• What the task requires
Would you please return all of the entries below exactly as shown?
○ ○ ○ ○ ○ ○ ○
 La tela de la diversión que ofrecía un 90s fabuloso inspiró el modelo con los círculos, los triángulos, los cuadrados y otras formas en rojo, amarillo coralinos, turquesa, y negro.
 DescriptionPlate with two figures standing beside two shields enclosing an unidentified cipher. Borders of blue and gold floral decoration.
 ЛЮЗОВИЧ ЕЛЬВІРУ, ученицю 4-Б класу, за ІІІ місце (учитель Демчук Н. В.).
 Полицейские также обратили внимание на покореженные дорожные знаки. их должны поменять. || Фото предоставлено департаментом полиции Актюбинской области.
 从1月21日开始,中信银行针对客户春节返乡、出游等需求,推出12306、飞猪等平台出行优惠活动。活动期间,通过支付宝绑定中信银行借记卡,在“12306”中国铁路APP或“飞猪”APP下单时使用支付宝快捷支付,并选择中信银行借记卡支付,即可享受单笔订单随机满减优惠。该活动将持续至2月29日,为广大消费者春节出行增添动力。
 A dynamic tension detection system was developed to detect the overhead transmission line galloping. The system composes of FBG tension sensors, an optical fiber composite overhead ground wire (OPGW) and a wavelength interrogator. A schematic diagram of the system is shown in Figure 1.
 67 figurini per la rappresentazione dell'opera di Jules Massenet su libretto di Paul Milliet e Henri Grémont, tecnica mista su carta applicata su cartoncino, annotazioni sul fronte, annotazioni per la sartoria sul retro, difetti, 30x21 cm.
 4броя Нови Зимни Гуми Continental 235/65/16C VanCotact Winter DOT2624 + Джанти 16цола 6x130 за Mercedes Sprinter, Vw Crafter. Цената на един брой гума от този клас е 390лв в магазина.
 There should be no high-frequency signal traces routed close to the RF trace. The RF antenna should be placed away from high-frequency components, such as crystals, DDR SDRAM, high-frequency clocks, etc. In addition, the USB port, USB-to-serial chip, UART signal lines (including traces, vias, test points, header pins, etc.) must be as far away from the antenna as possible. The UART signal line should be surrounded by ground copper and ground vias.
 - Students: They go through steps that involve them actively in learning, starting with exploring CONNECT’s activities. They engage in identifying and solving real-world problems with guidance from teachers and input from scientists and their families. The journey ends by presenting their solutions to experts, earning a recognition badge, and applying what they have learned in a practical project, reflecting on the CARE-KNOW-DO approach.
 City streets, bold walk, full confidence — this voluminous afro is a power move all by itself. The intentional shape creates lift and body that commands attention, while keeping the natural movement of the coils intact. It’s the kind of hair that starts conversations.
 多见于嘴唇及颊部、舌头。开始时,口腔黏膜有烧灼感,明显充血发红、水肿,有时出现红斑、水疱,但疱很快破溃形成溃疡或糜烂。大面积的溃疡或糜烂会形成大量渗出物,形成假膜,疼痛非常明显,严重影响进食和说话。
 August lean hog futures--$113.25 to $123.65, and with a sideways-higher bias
○ ○ ○ ○ ○ ○ ○
• Response
 La tela de la diversión que ofrecía un 90s fabuloso inspiró el modelo con los círculos, los triángulos, los cuadrados y otras formas en rojo, amarillo coralinos, turquesa, y negro.
 DescriptionPlate with two figures standing beside two shields enclosing an unidentified cipher. Borders of blue and gold floral decoration.
 ЛЮЗОВИЧ ЕЛЬВІРУ, ученицю 4-Б класу, за ІІІ місце (учитель Демчук Н. В.).
 Полицейские также обратили внимание на покореженные дорожные знаки. их должны поменять. || Фото предоставлено департаментом полиции Актюбинской области.
 从1月21日开始,中信银行针对客户春节返乡、出游等需求,推出12306、飞猪等平台出行优惠活动。活动期间,通过支付宝绑定中信银行借记卡,在“12306”中国铁路APP或“飞猪”APP下单时使用支付宝快捷支付,并选择中信银行借记卡支付,即可享受单笔订单随机满减优惠。该活动将持续至2月29日,为广大消费者春节出行增添动力。
 A dynamic tension detection system was developed to detect the overhead transmission line galloping. The system composes of FBG tension sensors, an optical fiber composite overhead ground wire (OPGW) and a wavelength interrogator. A schematic diagram of the system is shown in Figure 1.
 67 figurini per la rappresentazione dell'opera di Jules Massenet su libretto di Paul Milliet e Henri Grémont, tecnica mista su carta applicata su cartoncino, annotazioni sul fronte, annotazioni per la sartoria sul retro, difetti, 30x21 cm.
 4броя Нови Зимни Гуми Continental 235/65/16C VanCotact Winter DOT2624 + Джанти 16цола 6x130 за Mercedes Sprinter, Vw Crafter. Цената на един брой гума от този клас е 390лв в магазина.
 There should be no high-frequency signal traces routed close to the RF trace. The RF antenna should be placed away from high-frequency components, such as crystals, DDR SDRAM, high-frequency clocks, etc. In addition, the USB port, USB-to-serial chip, UART signal lines (including traces, vias, test points, header pins, etc.) must be as far away from the antenna as possible. The UART signal line should be surrounded by ground copper and ground vias.
 - Students: They go through steps that involve them actively in learning, starting with exploring CONNECT’s activities. They engage in identifying and solving real-world problems with guidance from teachers and input from scientists and their families. The journey ends by presenting their solutions to experts, earning a recognition badge, and applying what they have learned in a practical project, reflecting on the CARE-KNOW-DO approach.
 City streets, bold walk, full confidence — this voluminous afro is a power move all by itself. The intentional shape creates lift and body that commands attention, while keeping the natural movement of the coils intact. It’s the kind of hair that starts conversations.
 多见于嘴唇及颊部、舌头。开始时,口腔黏膜有烧灼感,明显充血发红、水肿,有时出现红斑、水疱,但疱很快破溃形成溃疡或糜烂。大面积的溃疡或糜烂会形成大量渗出物,形成假膜,疼痛非常明显,严重影响进食和说话。
 August lean hog futures--$113.25 to $123.65, and with a sideways-higher bias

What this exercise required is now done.